Published March 1997,February 2011.
Cyclic quadrilaterals are quadrilaterals with all four of their vertices on a circle.
You can have cyclic polygons of any number of sides.
Not all quadrilaterals are cyclic. Perhaps you can draw a quadrilateral that is not cyclic - how do you know it is not cyclic?
All triangles are cyclic - how could you prove this?
Cyclic quadrilaterals have some interesting features and in this brief article we invite you to look at some of them and we suggest ideas for looking further:
Consider any cyclic quadrilateral $P Q R S$ with vertices on a circle centre $C$.
Draw chord $Q S$ and radii $P C$, $Q C$ and $S C$.
Let angle $Q P C=x$ degrees and angle $S P C=y$ degrees.
This means that angle $Q P S=(x+y)$ degrees.
The angles of the isosceles triangle $P Q C$ are $x$ degrees, $x$ degrees and $(180-2x)$ degrees.
The angles of the isosceles triangle $P S C$ are $y$ degrees, $y$ degrees and $(180-2y)$ degrees.
Angle $Q C S=360$ degrees $-$ angle $Q C P -$ angle $S C P=(2x+2y)$ degrees.
This shows that angle $Q C S$ is twice angle $Q P S$.
We say that angle $Q P S$ is subtended by the arc $Q R S$ and this basic property leads to the following theorems.
You might like to use the Geoboard environment to help investigate these ideas practically before moving into the theory.

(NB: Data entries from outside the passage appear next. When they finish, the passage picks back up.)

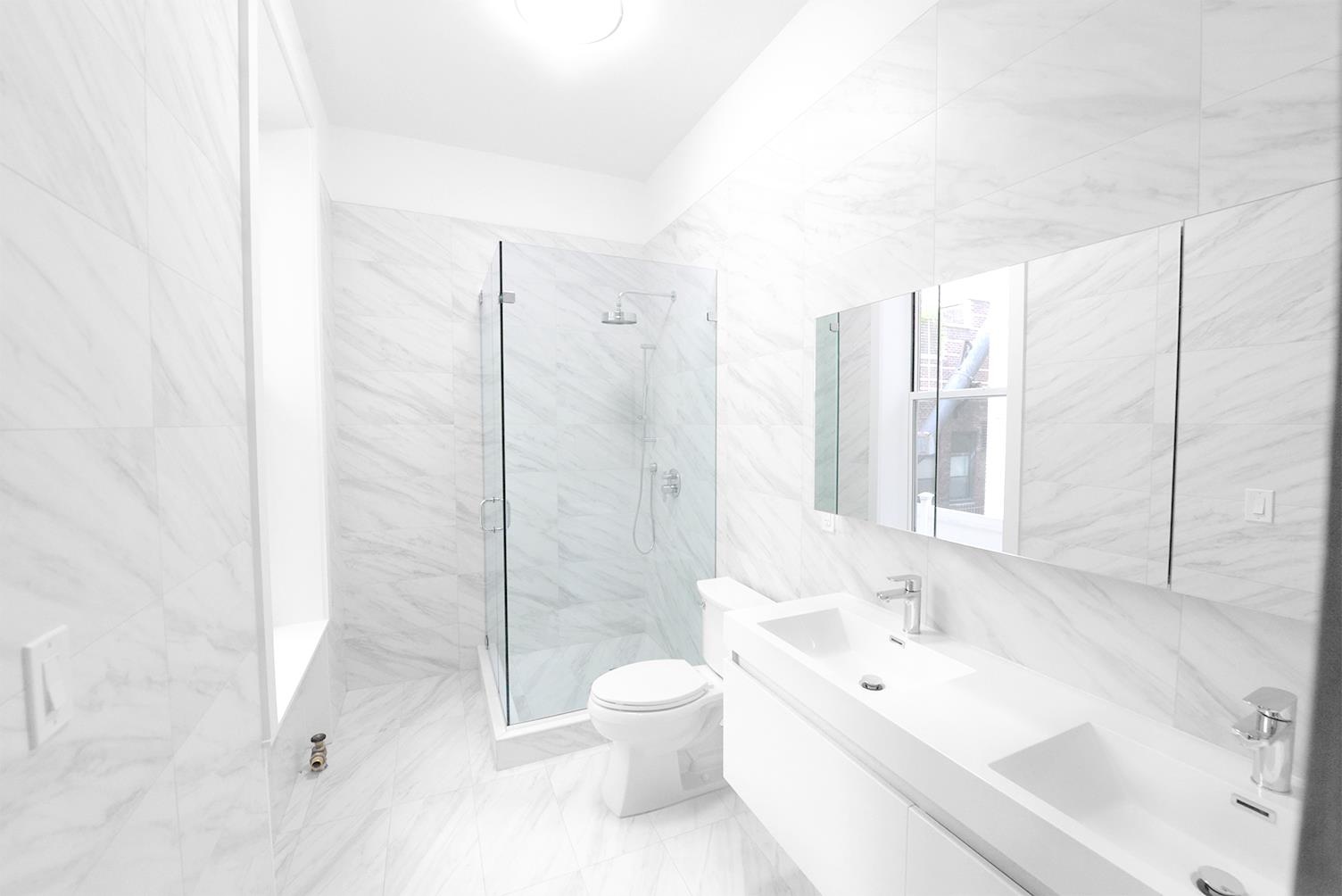 The kitchen features white lacquer cabinets, stainless steel appliances, and a sleek countertop and backsplash. Up a flight of floating stairs and nestled between a brace of outdoor decks, the rooftop bedroom comes with its own closet space and a full bathroom with clean, white-tiled walls and a double vanity sink. While both can be considered typical of city living, each roof deck has a unique atmosphere. With a surround of rising buildings, the north- facing deck confers upon its dwellers a courtyard-like feeling. Given the extra buffer the street and a low-lying neighbor, the south-facing deck enjoys an open view of other rooftops and the local skyline. Rented for $9,750.
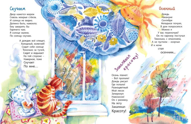 Чудесные дождики живут в сборнике стихов Натальи Карповой с очаровательными иллюстрациями Елены Дроботовой.
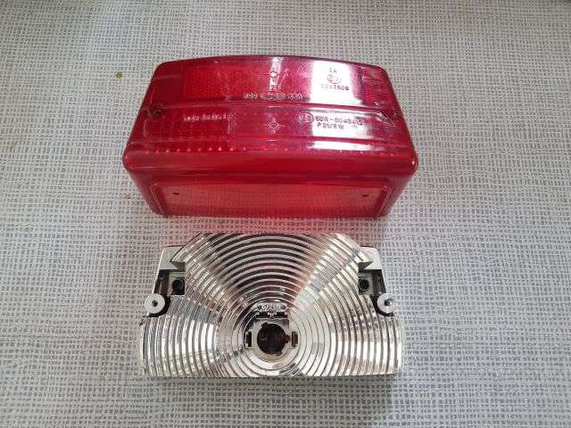 Repariertes, originales (deutsches) Rücklicht mit Klarglas. Die abgebrochenen Befestigungsnasen wurden erneuert, verschraubt und zusätzlich verklebt.
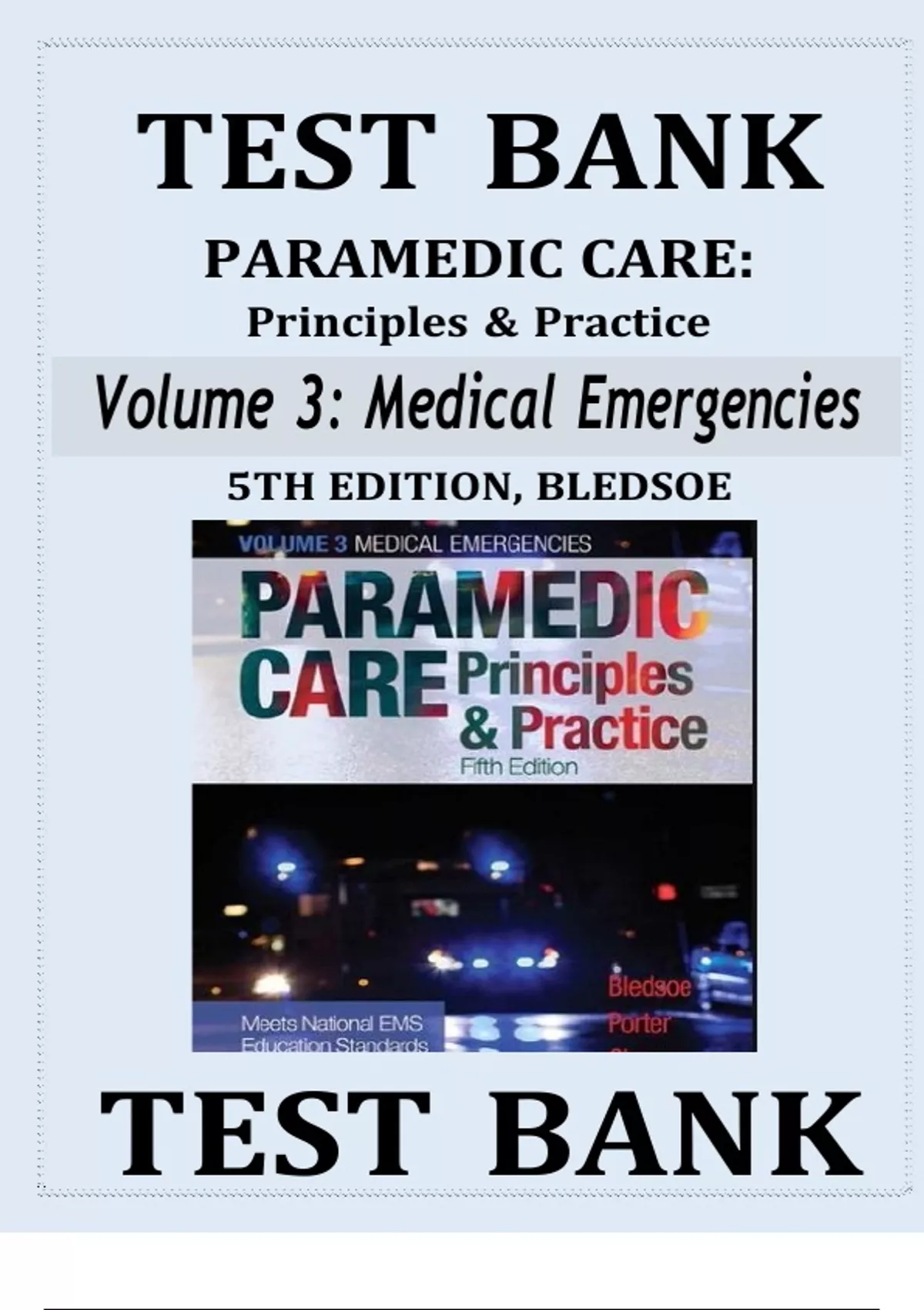TEST BANK PARAMEDIC CARE: Principles & Practice Volume 3: Medical Emergencies 5TH EDITION, BLEDSOE
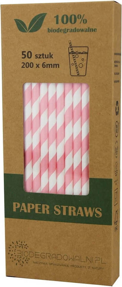 PAPER STRAWS PINK STRIPES 50 pcs - BIODEGRADOWALNI
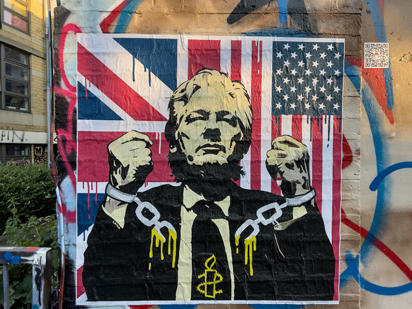 “Julian Assange rischia seriamente di essere sottoposto a violazioni di diritti umani se venisse estradato negli Stati Uniti”, ha dichiarato l’artista.

The angle at the centre of a circle is twice the angle at the circumference subtended by the same arc.
Because angle $Q C S$ is the same for all positions of $P$, Theorem 1 shows angle $Q P S$ is the same regardless of where $P$ lies.
See this problem for a practical demonstration of this theorem.

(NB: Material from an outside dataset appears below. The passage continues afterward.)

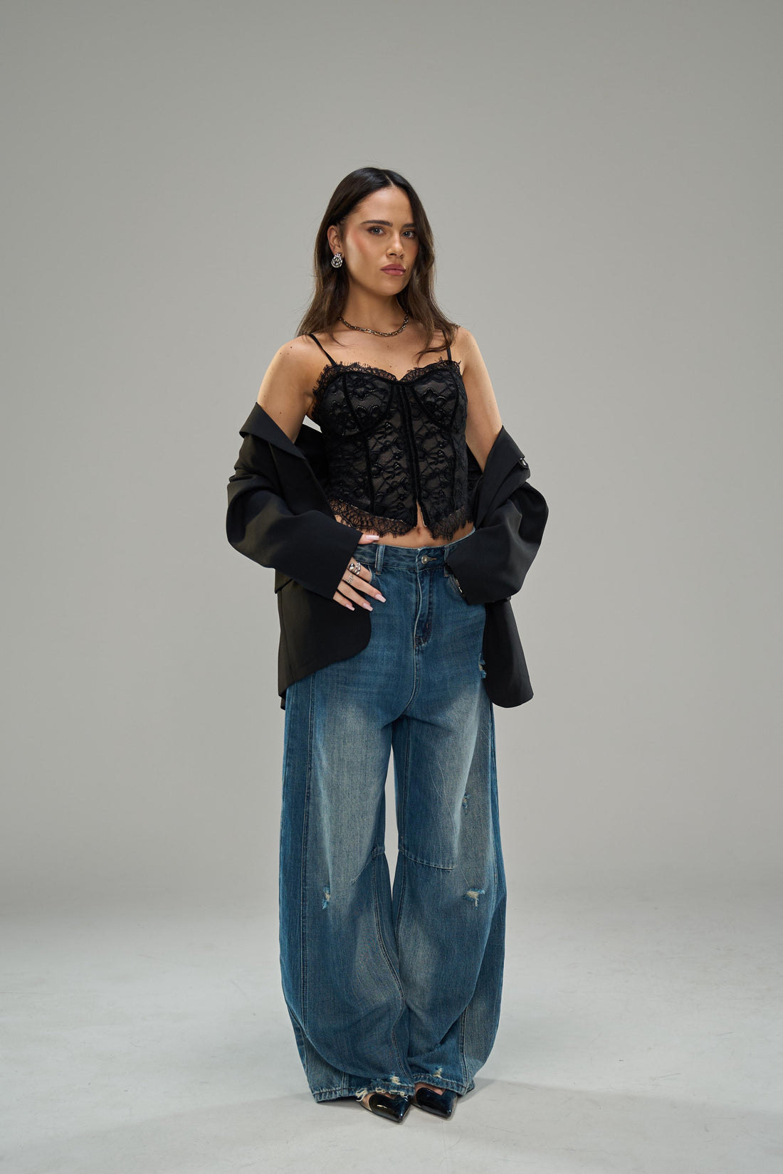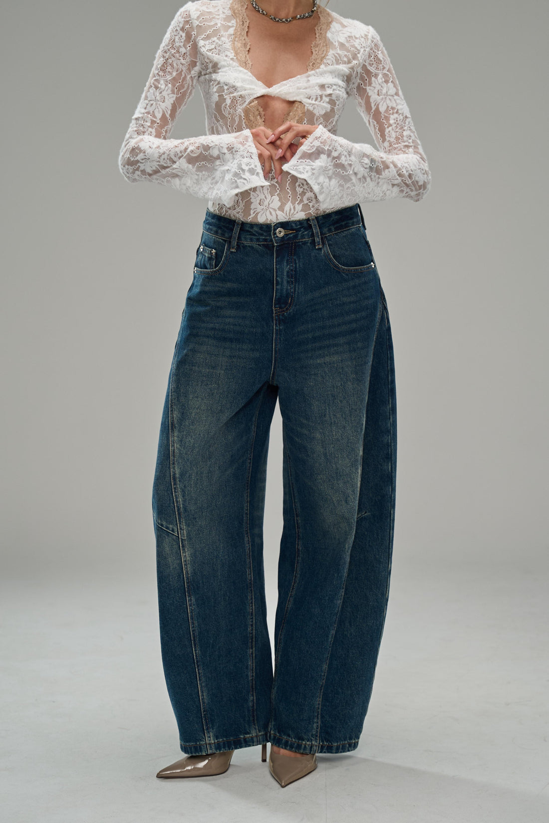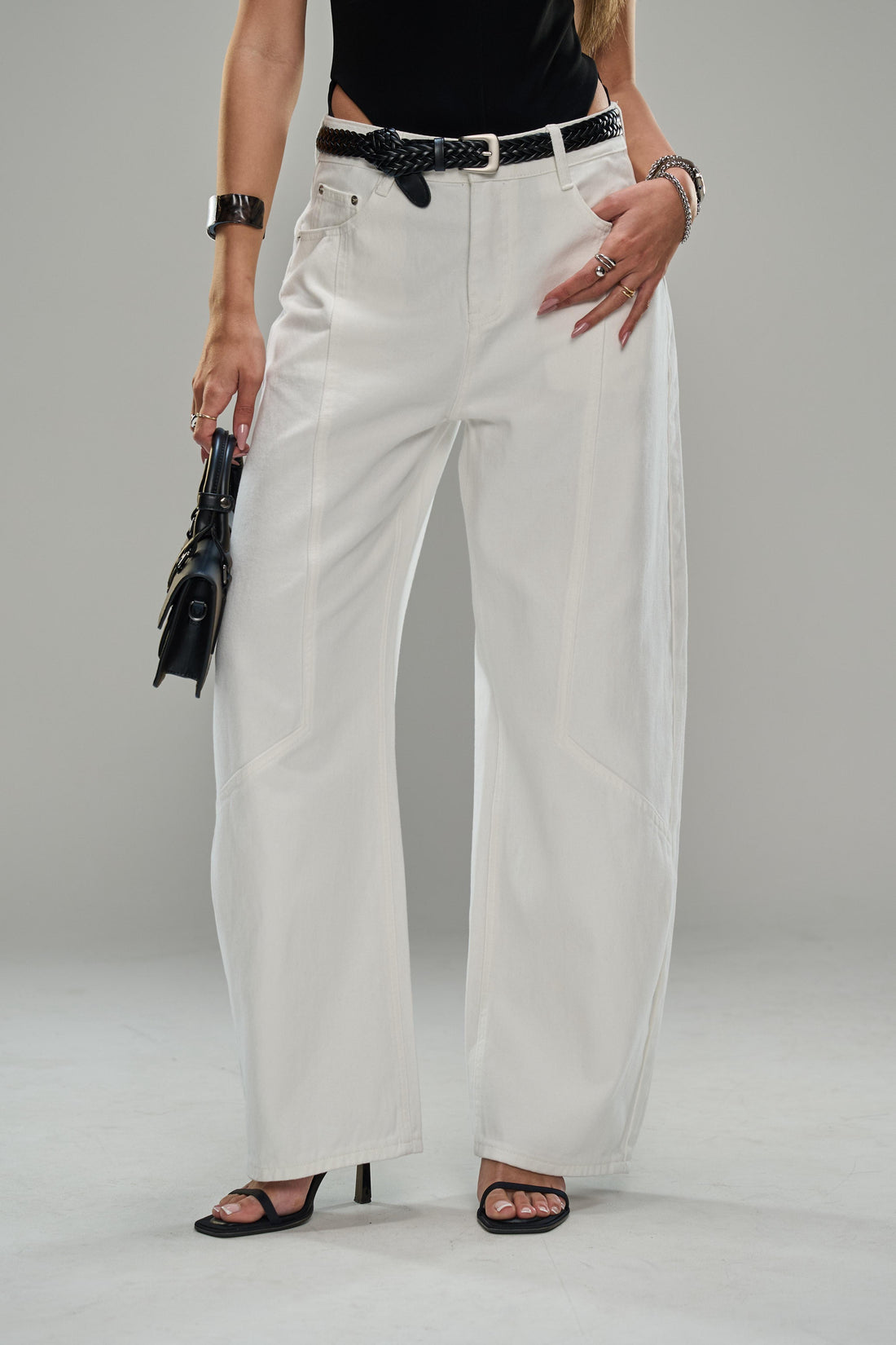 ג׳ינס בגזרה רחבה עם חגורת מותן צרה

All angles in the same segment of a circle are equal (that is angles at the circumference subtended by the same arc).
The angle subtended by a semicircle (that is the angle standing on a diameter) is a right angle. See this problem for a practical demonstration of this theorem.
Opposite angles of a cyclic quadrilateral add up to 180 degrees. See this problem for a practical demonstration of this theorem.